We are looking at encouraging dairy farmers to record sire data or genotype bulls moving into herds so that we will be able to link heifers to sire data through genotyping at a later stage.

  • Farmers are required to provide a large range of data through the programme. Will they have access to HerdPlus data for free or will they be required to pay to view their data?

The results of the genotyping and the information that farmers will need to ensure they can comply with the scheme requirements will be provided to all farmers in the scheme.

  • The genotyping requirement is 60% of their herd. Please explain this?

Each herd will have a number of eligible cows on which its payment is based (i.e., the number of suckler cows with a calving on the farm in 2014). This number of cows defines the level of genotyping that will be undertaken on the farm.
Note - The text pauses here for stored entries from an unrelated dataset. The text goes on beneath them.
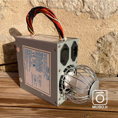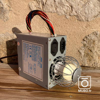 Lampe Allan création sur commande / carte blanche à MUBō Lampe 100% recycling Quand une crapaudine de gouttière croise des éléments informatiques, ils s'accordent pour devenir une lampe high-tech.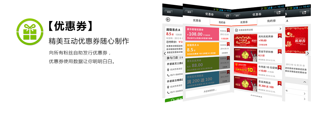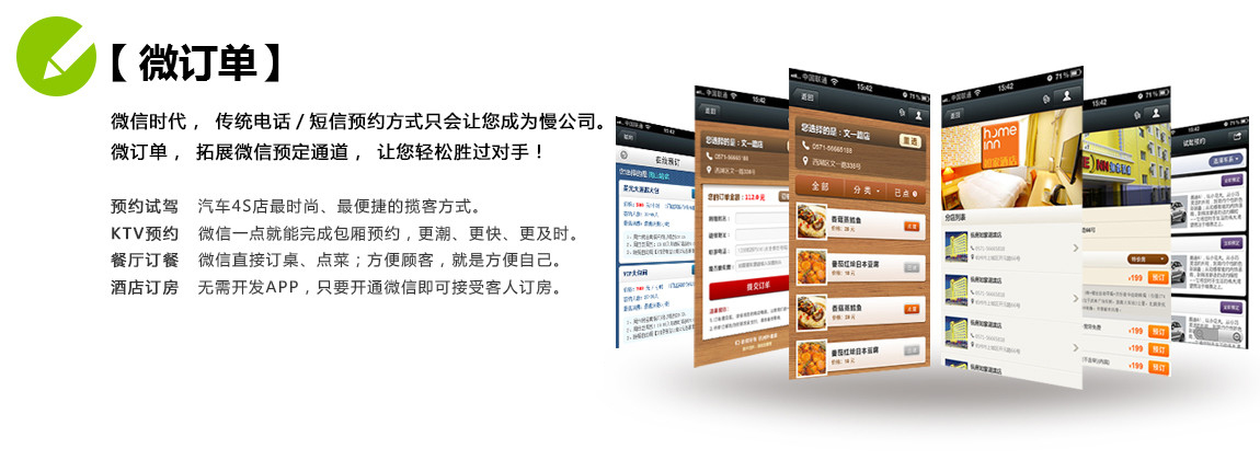 微官網(wǎng) 微商城 微社區(qū) 微信支付 優(yōu)惠劵 微外賣 微名片 微報(bào)名 車主關(guān)懷 微游戲 微訂單-酒店 微團(tuán)購 會(huì)員卡 預(yù)約試駕 汽車保養(yǎng)預(yù)約 課程預(yù)約 會(huì)員管理 KTV預(yù)約 餐廳預(yù)約 圖書預(yù)定 美容預(yù)約 微請(qǐng)柬 問卷調(diào)查 微調(diào)研 微現(xiàn)場(chǎng) 答題闖關(guān) 微請(qǐng)柬 多客服 搖一搖 微配送 微簽到 微測(cè)試 客戶備忘 幸運(yùn)卡牌 客戶備忘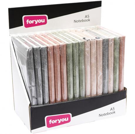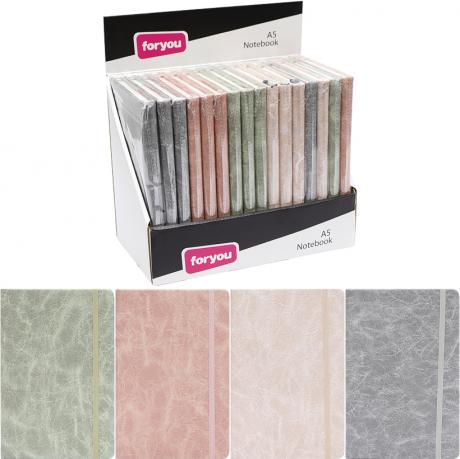 Цей блокнот має тверду обкладинку з шкірзаму і закривається на гумці. Він містить 80 аркушів кремового кольору в лінію. Розмір блокнота становить 21*14 см. Кольори обкладинки представлені в асортименті.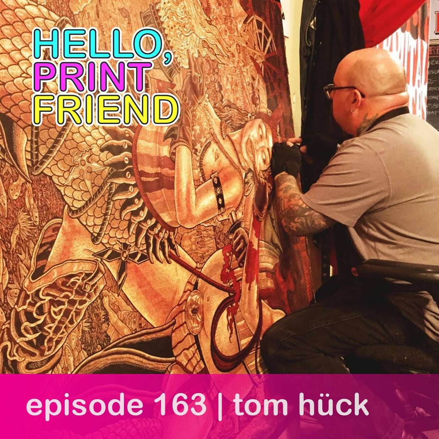 In this episode of Hello Print Friend, Miranda speaks with Tom Hück. We talk about what it’s like to make some of the most beloved and controversial images in contemporary printmaking, selling affordable works for young collectors and suites to the Metropolitan Museum of Art, his heroes, and the Tom Hück ethos.Tom Hück's Websitehttp://www.evilprints.com/Print Santa Fewww.printsantafe.orgYOUTUBEwww.youtube.com/channel/UCOMIT3guY5PjHj1M7GApouwMERCHwww.teepublic.com/user/helloprintfriendWEBSITEwww.helloprintfriend.comInstagramwww.instagram.com/helloprintfriend✨patreon✨www.patreon.com/helloprintfriendOur sponsor Speedballwww.speedballart.com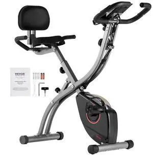 VEVOR Folding Exercise Bike, Foldable Fitness Stationary Bike, Adjustable Magnetic Resistance Stationary Bike, Upright Indoor Cycling Bike for Home Gym Workout, Comfortable Seat Cushion, LCD Monitor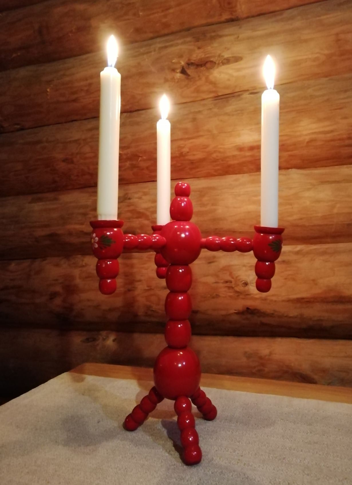 Tämä kynttelikkö on kuulunut jouluuni lapsuudesta asti. Samoja kruunukynttilöitä poltettiin useampana jouluna, kunnes jäljellä oli vain kellastuneet pätkät. Nyt kynttelikkö valaisee mökkijouluamme.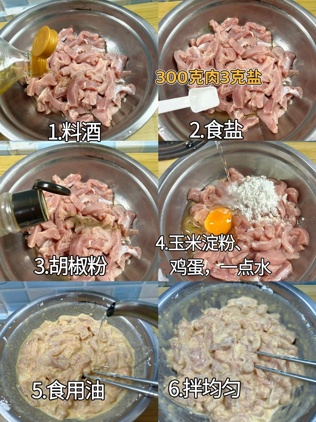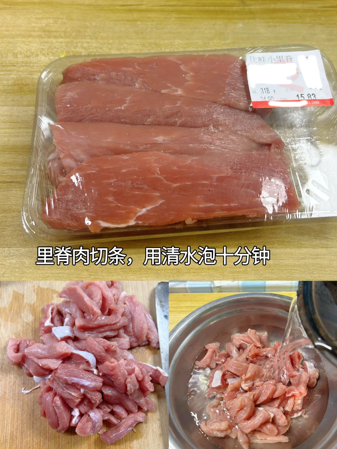 1.里脊肉切条,冲洗几遍,用水泡10分钟,攥干水分。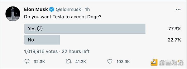 5月11日,狗狗幣教父(DogeFather)、特斯拉CEO埃隆·馬斯克在推特上發起一項投票:是否希望特斯拉接受以狗狗幣作為支付方式。今年稍早前,特斯拉已經宣布支持美國本土的客戶使用比特幣付款。
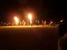 In August 2007 the record for the biggest fire breathing pass was set at the Burning Man festival in the Black Rock Desert, Nevada; a single breath was passed to 21 people before the flame went out.[11]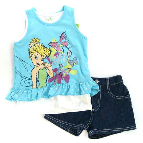 Disney ディズニー ティンカーベル 重ね着風ノースリーブカットソー&デニムセット - 6才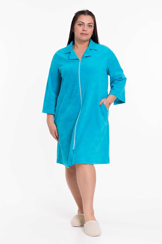 Женский халат — идеальный выбор для домашнего отдыха. Он выполнен из мягкого и приятного на ощупь однотонного велюра бирюзового цвета, который обеспечивает комфорт и тепло.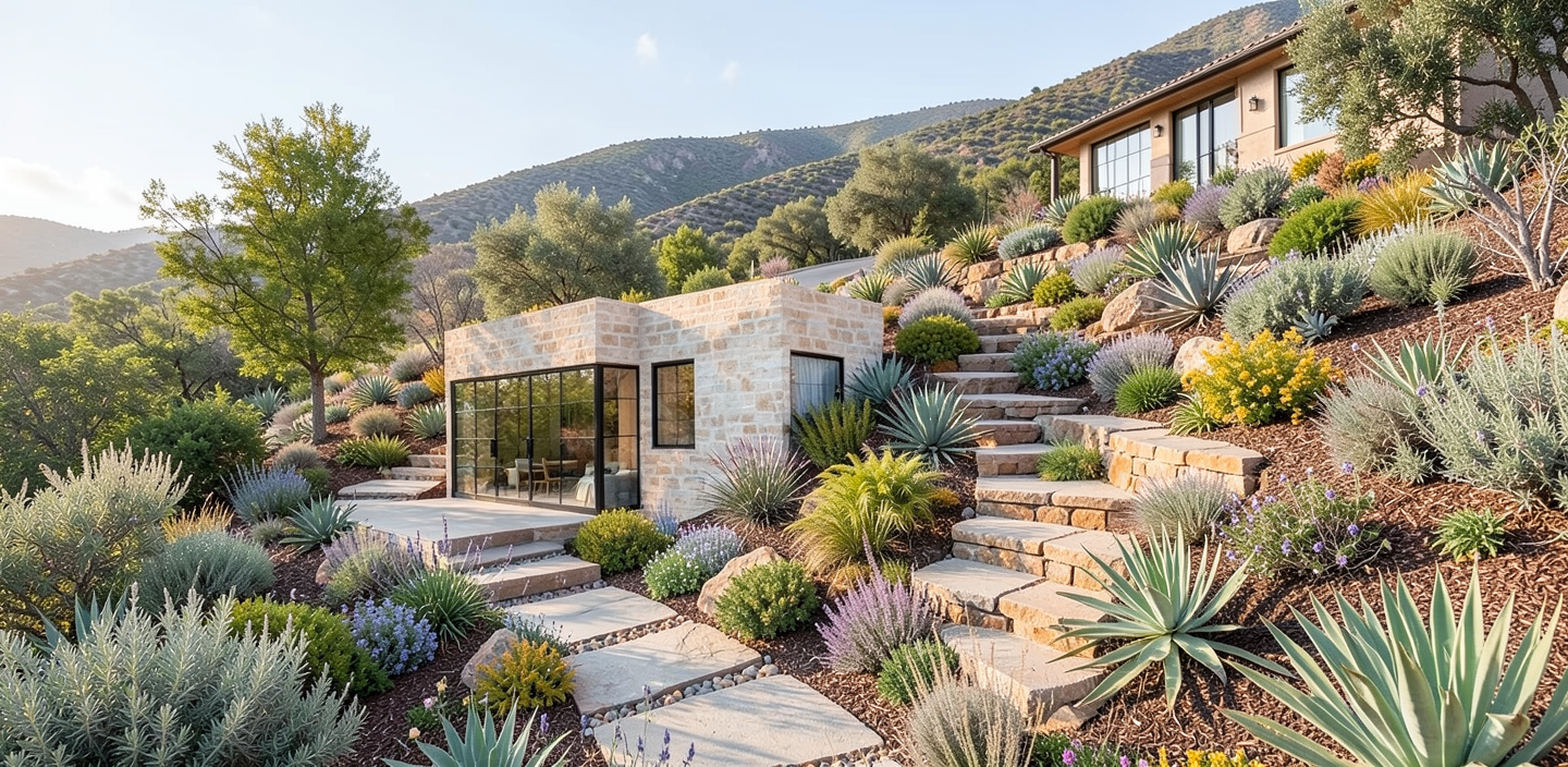 pathway and stairs up the hill meandering with planting natural shurb road behind house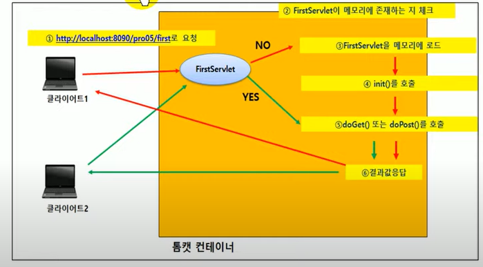 - 톰캣은 FirstServlet이 메모리에 load 되어 있는지 확인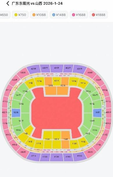 有媒体截图发布广东队主场的票价情况,主场对阵山西队,我们看到区间为500、600、650、750、1088、1488、1688、1888,达到8种价格。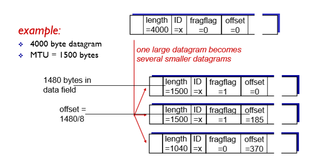 - 헤더에는 조각 정보를 담은 Fragment Offset과 More Fragments(MF) 비트가 포함됩니다.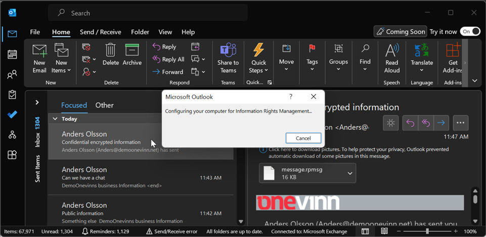 The problem when you need to authenticate to decrypt a protected message that comes from an external organization is that Outlook uses the signed in account and its token to authenticate to the sender’s tenant. If MFA is required Outlook doesn’t support re-authenticating to the sender’s organization with MFA against this tenant.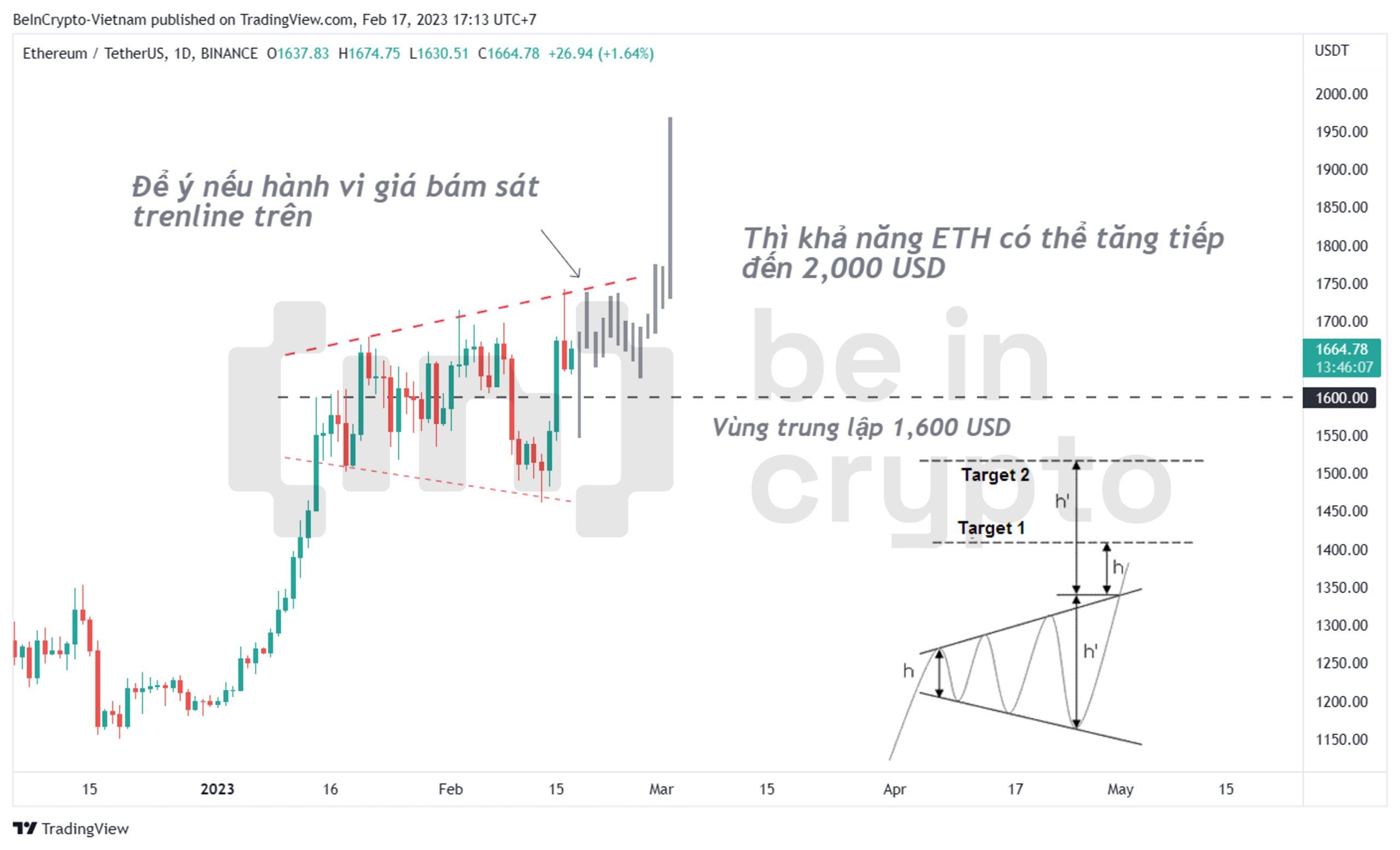 - Trong dạng biến động này, giá ETH đồng thời tạo đáy thấp hơn và tạo đỉnh cao hơn. Đây là một mô hình trung lập, kế hoạch giao dịch sẽ tùy thuộc vào tình trạng giá đang trên hay dưới mức giá trung lập của mô hình. Cụ thể ở đây là vùng 1,600 USD.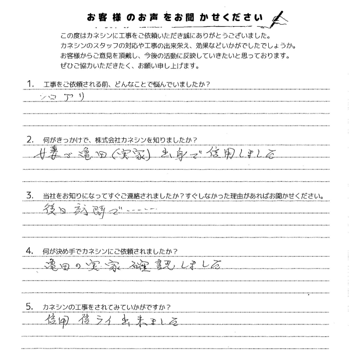 この度は白蟻駆除のご依頼を頂き誠に有難うございました。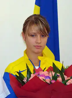 At the 2008 Summer Olympics, two types of weapons were supported: women's saber and men's épée.[7] They took part in individual and team competitions and two athletes (Olha Leleiko - foil, Yana Shemyakina - épée) - in individual competitions. The women's saber team led by 17-year-old Olga Kharlan won the gold medal,[8][9] and the men's épée took 7th place.[10]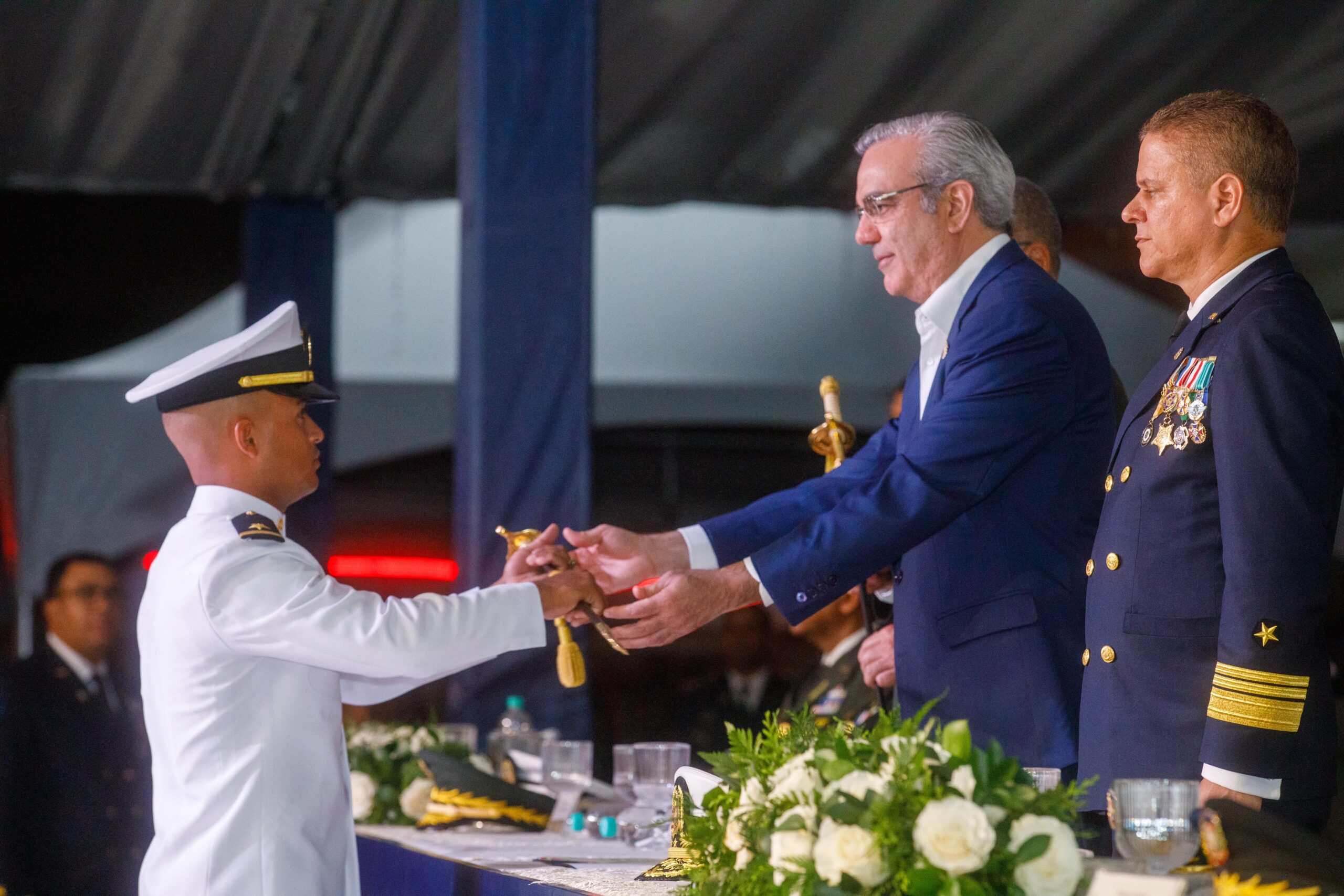 El presidente Luis Abinader encabezó esta ceremonia de graduación correspondiente a la Septuagésima Tercera (LXXIII) Promoción de Damas y Caballeros Guardiamarinas, clase 2020-2024, a quienes tomó juramento y entregó el sable de mando.

The number to be genotyped will be 60% of the number of eligible cows for each year of the scheme. Therefore in a herd with 20 eligible cows, the scheme will be genotyping 12 animals per year.

This is higher than the number last year, as last years scheme was simply focused on undertaking the research to be able to produce genomic evaluations.

For the scheme to work effectively we now need to use these genomic evaluations on all potential breeding animals within scheme herds. This works out at about 60% of all animals.

In the example provided above, the participant must retain 12 breeding animals, i.e. cows, calves, heifers and bulls that have not been previously genotyped, for genotyping each year

  • How much will I have to pay for genotyping?

The cost of the genotyping service is currently under tender. A final figure will not be known until later this year. However, it is expected to be lower than the €30 cost last year.

  • Can I use the white card as part of the scheme and then update the sire and calving data as part of the subsequent survey forms?

No. Initial calving events must be recorded via either; agfood.ie, farm management systems, and Animal Events.

This is to maximise the accuracy of data recording (i.e., at the time of the event) and also improve the efficiency of data collection as part of the scheme.

However, some of the calves that have been born in 2015 prior to the launch of the Programme will already have been registered using a white card and so additional information will be required for these animals.

  • Who pays for the genotyping?

The cost of genotyping will be netted from the farmer payment at each relevant payment run.